Please copy the lines below, exactly as they are, from the one with "Gigantes y cabezudos" through the one with "Рис. 31. С.Д.Игнатьев", and leave out the pictures.
•••••
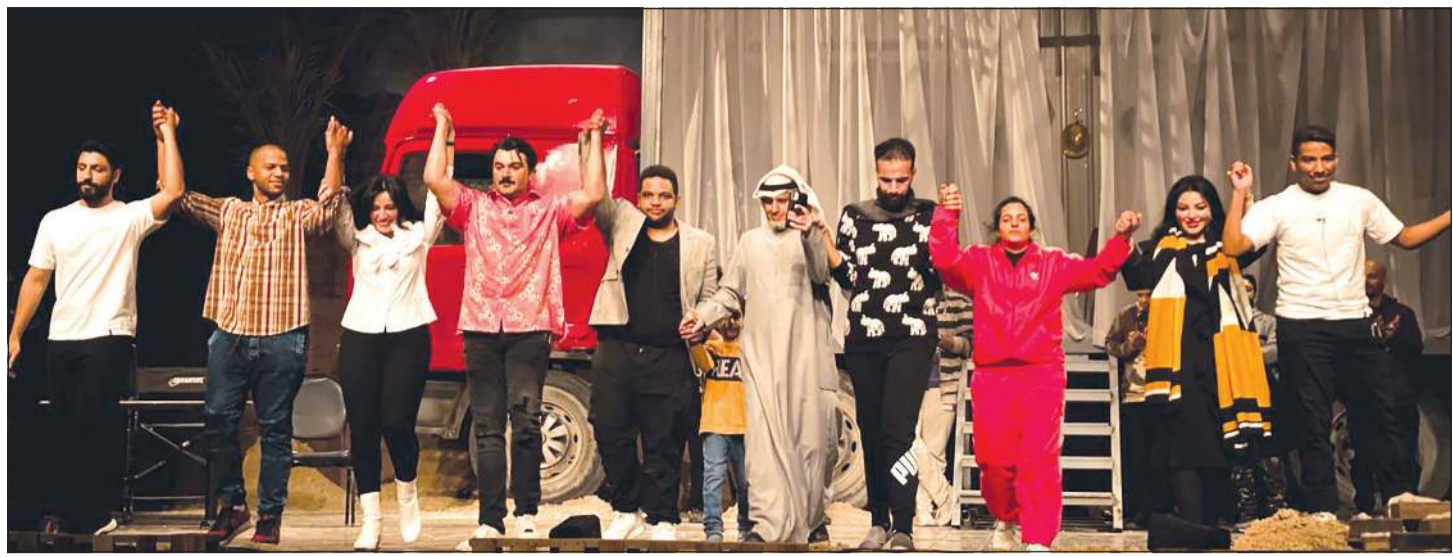
نجوم «كومبارس»... وحية للجمهور
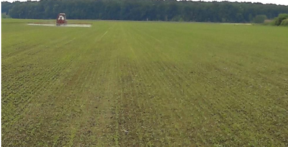
Slika 18. Soja
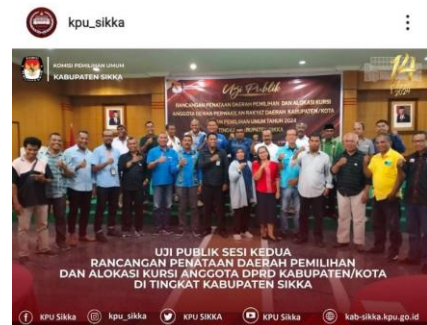
Liked by jmmhayon and 10 others kpu_sikka #TemanPemilih, KPU Kabupaten Sikka menggelar Uji Publik Gelombang Kedua, terhadap Rancangan Daerah Pemilihan dan Alokasi Kursi Anggota DPRD Kabupaten/Kota di tingkat Kabupaten Sikka, dalam Pemilu Tahun 2024, Sabtu (10/12/2022).

#KPUmelavani #KPUsikka #PemiluSerentak2024
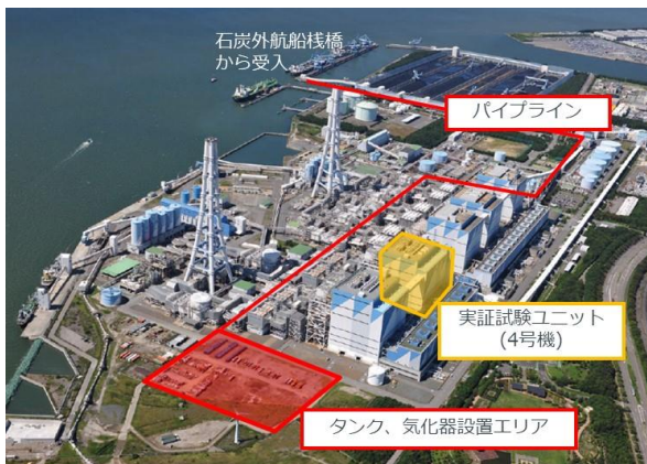
写真-1 プロジェクト① JERA 碧南火力発電所 4 号機
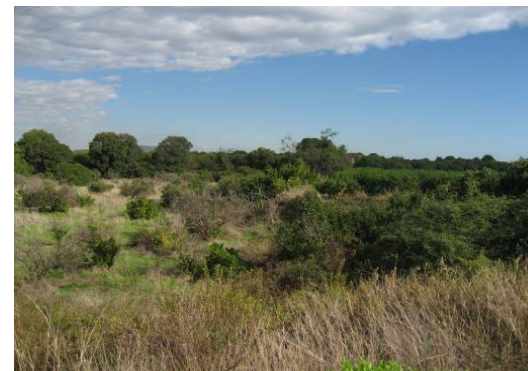
Vegetación asociada a cauce
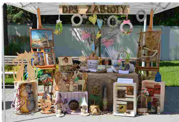
Nasze ekologiczne stoisko

zużytych produktów robiła wrażenie. Podczas obchodów zorganizowana została „Parada Wolności dla Ziemi 2019”, w której uczestnicy swoim wyglądem i transparentami chcieli zwrócić uwagę oraz wyrazić swój
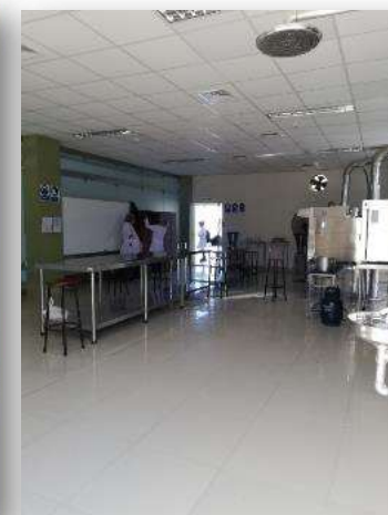
Laboratorio de Análisis de Alimentos
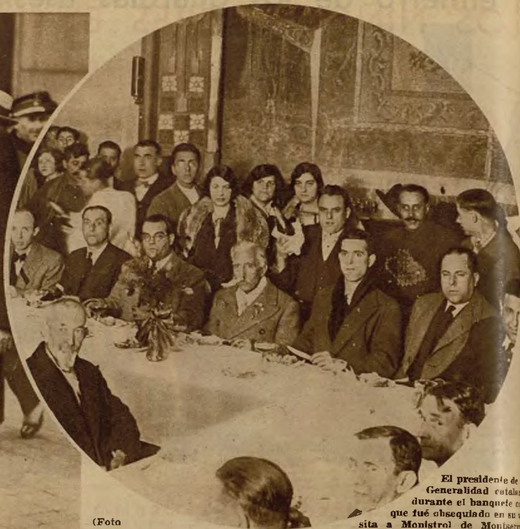
El presidente de la Generalidad catalana durante el banquete que fué obsequiado en su visita a Monistrol de Montserrat
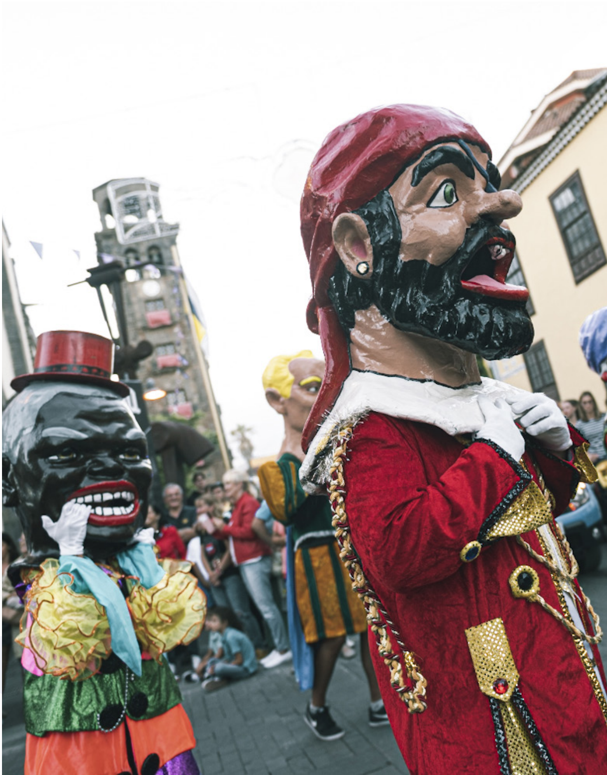
Gigantes y cabezudos en el desfile de la pandorga y los caballitos de fuego, 13 de septiembre de 2022.
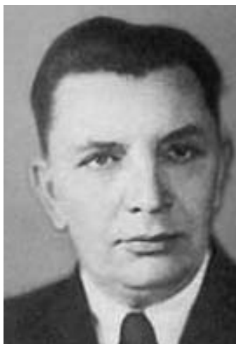
Рис. 31. С.Д.Игнатьев (1904–1983), министр гос. безопасности СССР (1951–1953).

11 июля 1951 г. Политбюро ЦК ВКП(б) принимает постановление «О неблагоприятном положении в Министерстве государственной безопасности СССР», в котором прямо указывается на «безусловно существующую законспирированную группу врачей, выполняющих задания иностранных агентов по террористической деятельности против руководителей партии и правительства». На должность министра госбезопасности 9 августа 1951 г. был назначен С.Д.Игнатьев (рис. 31), заведующий Отделом партийных, профсоюзных и комсомольских органов ЦК ВКП(б). 4 октября 1951 г. Рюмину присвоили звание полковника, а 19 октября (после того, как он направил Сталину новое разоблачительное письмо, на этот раз, о вредительстве в работе руководящего состава органов МГБ СССР) он был назначен заместителем министра госбезопасности и начальником следственной части по особо важным делам.
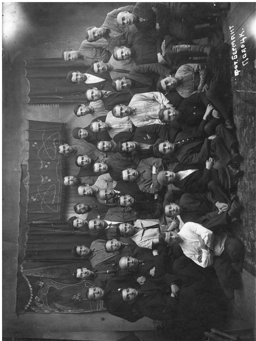
Фотаздымак. Калектыў рэдакцыі і друкарні газеты «Полоцкий пахарь». 1925 г.
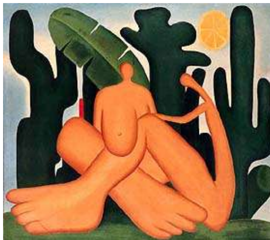
Nádia Gotlib – Tarsila do Amaral, a modernista – p. 143

Depois do grande escândalo no Brasil e do deboche dos franceses, sugerindo que o Abaporu procurasse um pedicure, o deslumbramento de Tarsila pelas coisas brasileiras continua no quadro Antropofagia , de 1929, onde a pintora une os quadros anteriores, A Negra e o Abaporu .
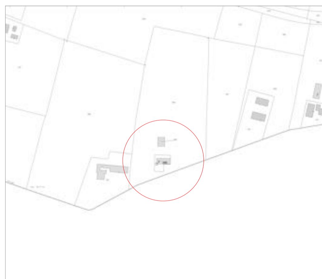
Estratto di mappa
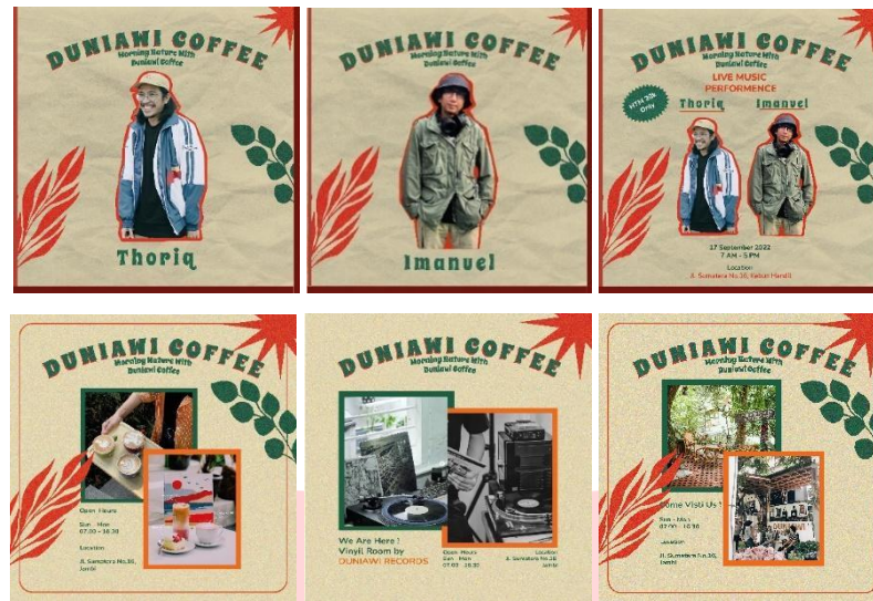
Gambar 4.10 Feed instagram

Poster digital berikut akan di tayangkan pada media sosial Instagram Post Duniawi Coffee. berisi tentang informasi yang berhubungan dengan Duniawi Coffee yang dimana berisi menu-menu yang disediakan dan beberapa fitur-fitur dalam Duniawi Coffee serta informasi event yang akan diselenggarakan Duniawi Coffee.
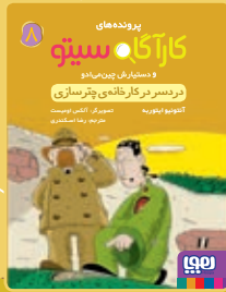
در دسر در کارخانه‌ی چترسازی
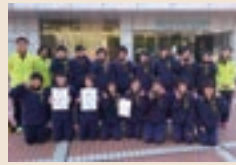
女子バレーボール部 近畿大会出場 ビーチバレー 全国大会出場・近畿 5 位
•••••
Answer area:
Gigantes y cabezudos en el desfile de la pandorga y los caballitos de fuego, 13 de septiembre de 2022.
Рис. 31. С.Д.Игнатьев (1904–1983), министр гос. безопасности СССР (1951–1953).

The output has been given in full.